That's what I'm thinking. If you look at AA in terms of how many years of "safe" income you need instead of a typical percentage, the AA of someone who is rather old can be much higher than the conventional wisdom IF they need a very small portion of their portfolio for current income. I think that's where the "bucketizing" approach is a little different than conventional AA; you don't say "55 stocks / 45 bonds" but instead you say "15 years of income in safer stuff and the rest in stocks" -- or something like that.
So to use your example, if this 75-yo is only withdrawing 1% of his/her portfolio each year for income, you could have 15 years of more secure income even with an 85/15 allocation. (Of course, such a person is also in the position of not needing to take much stock market risk, if any. so it would really come down to their risk tolerance and how much they're willing to "gamble" for higher expected long-term returns. Chances are most of it would go to heirs anyway.) And if the market happens to recover strongly, then you may want to load up on your buckets 1 and 2.

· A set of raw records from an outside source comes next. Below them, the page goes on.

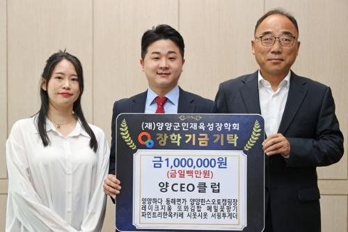 양CEO클럽(회장:김성재)은 29일 양양군청을 방문해 탁동수 양양군수권한대행에게 인재육성장학기금 100만원을 전달했다.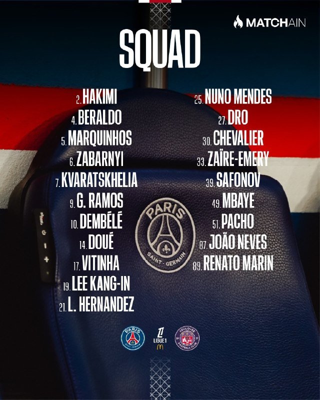 🚨🚨⚽️ • قائمة باريس سان جيرمان المستدعاة لمواجهة تولوز اليوم.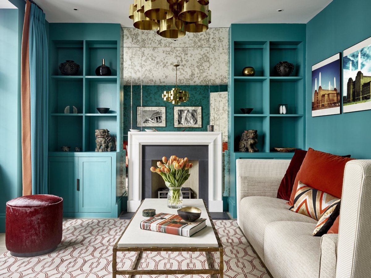 Фото: Сара Ричардсон бирюзовый интерьер гостинная
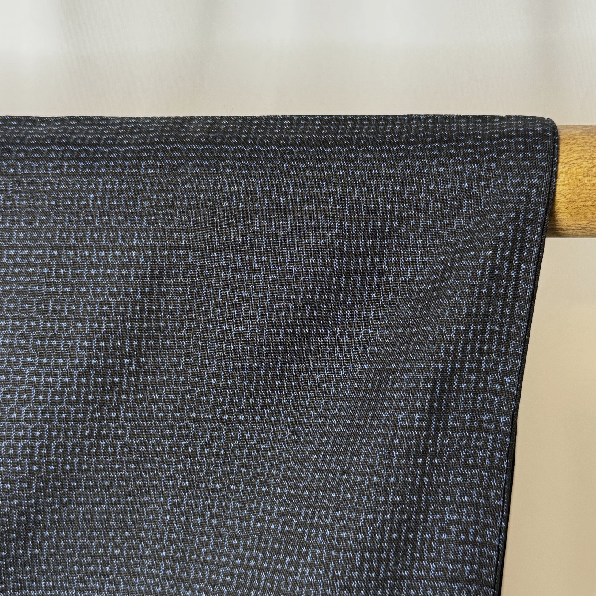 The outer jacket fabric is dark blue with an overall tiny geometric grid.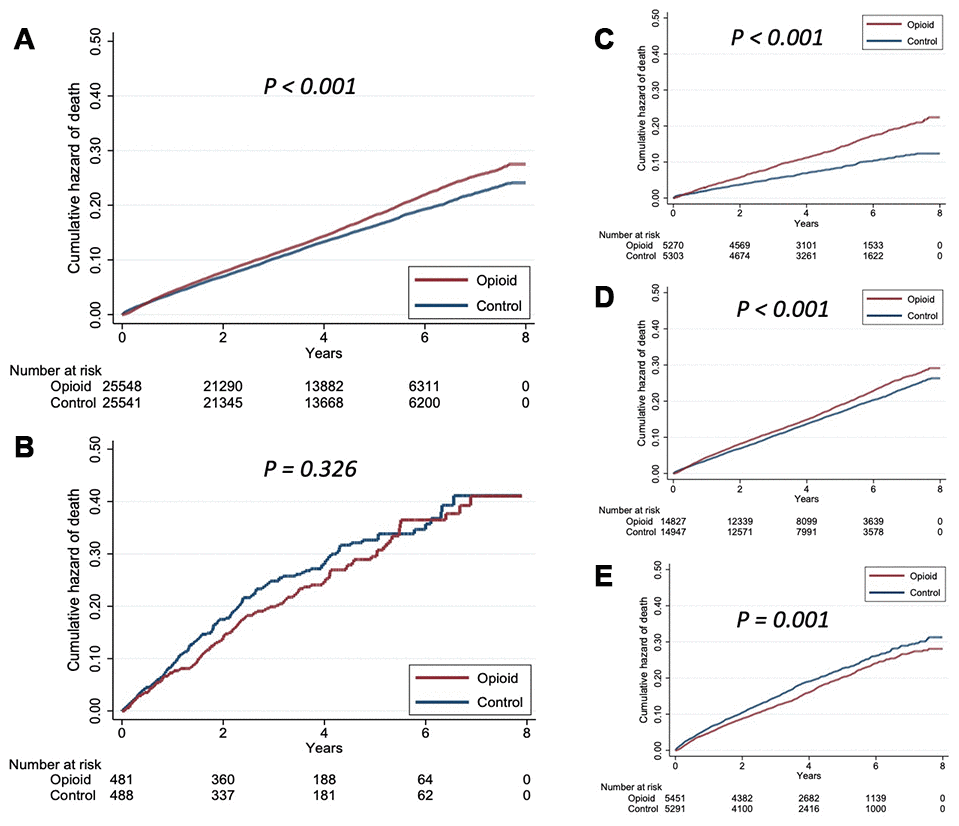 The association between opioid use and mortality in patients with CKD is rarely addressed, and for those who focus on this topic, the study design is usually suboptimal and of low quality. A recent systematic review emphasized the lack of sufficient evidence to support or refute opioid use in patients with CKD, and available studies contained low sample sizes and addressed side effects but not mortality with prominent variations in opioid types and the route of administration [10]. Oh et al. reported that chronic opioid use was not associated with a higher risk of mortality among those with CKD from 2990 critically ill patients [22]. Another Korean study reported that the association between chronic opioid use and mortality in the general population differed depending on opioid potency; those with a strong potency predominantly contributed to the observed mortality risk [23]. However, existing studies rarely focus on the CKD population, and the extrapolation of findings from critically ill, surgical, or general populations to those with CKD can be inaccurate. Our findings are expected to fill this knowledge gap by showing that opioid use increased mortality in patients with CKD, independent of multiple confounders (Table 3).

Ray's scheme is no different than an AA scheme. Only new jargon and a different way of looking and naming the same things......

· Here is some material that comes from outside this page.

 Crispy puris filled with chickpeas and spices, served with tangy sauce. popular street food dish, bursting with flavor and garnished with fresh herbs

I've never failed to learn something by considering another person's (including "advisors" or financial subject matter authors, etc.) views and outlooks, Ray is no exception. But, to me, there is absolutely no difference between saying a person with an extrmemly generous retirement portfolio could safely have a 85/15 AA and saying that 15 years of expenses respresents only 15% of that person's portfolio. It's just a different way, new jargon, of looking at the same thing.
The only negatives I find about Ray are:
1. He seems to want you to follow his methodology/terminology/jargon exclusively without understanding it's relationship to other approaches. I'm concerned for folks who have bought in on his scheme in a manner where they simply want to fill in the blanks, turn the handle and be guarateed optimum results.
2. He's too flexible. He frequently uses hindsight to say that in many cases you would have "of course" done something differently than he seems to be prescribing after time shows that his prescription wasn't optimum. "Well in that case you would have....blaaah....blaaah....blaaah."
But, all in all, understanding what he's trying to do (other than the part where he's simply trying to reel you in as a client) as it relates to other schemes and theories adds to one's body of knowledge. I highly recommend understanding his stuff and especially how it relates to other approaches.
I give him a lot of credit for the amount of product differentiation he's gotten out of his "system." It's not all that different, you can easily do the same things within a more generic AA system, but his jargon sets it apart and gives him something to sell. Bright guy.